> [Information shown]
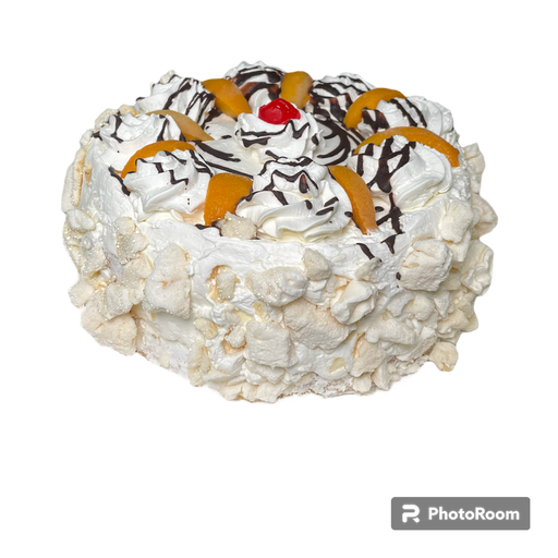 Torta clásica URUGUAYA hecha con Bizcocho , manjar, discos de merengue, crema chantilly y durazno en conserva, decorada con chantilly y merengue seco.
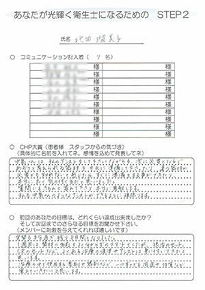 私の前回の目標は、「患者さんと笑顔で接する」ことを目標にしました。
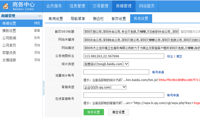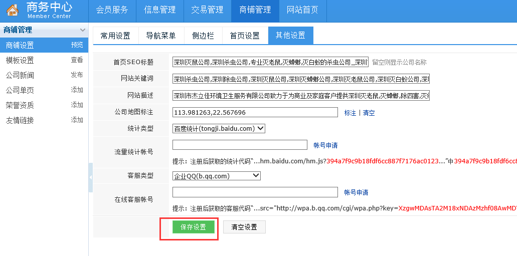 1、登陆本站---进入“商务中心”---商铺管理---商铺设置,见下图:

> [Task prompt] To answer, repeat exactly the lines from the line containing "私の前回の目標は、「患者さんと笑顔で接する」ことを目標にしました。" through the last line of the data above, leaving out all pictures.

> [Result of the exercise]
 私の前回の目標は、「患者さんと笑顔で接する」ことを目標にしました。
 1、登陆本站---进入“商务中心”---商铺管理---商铺设置,见下图:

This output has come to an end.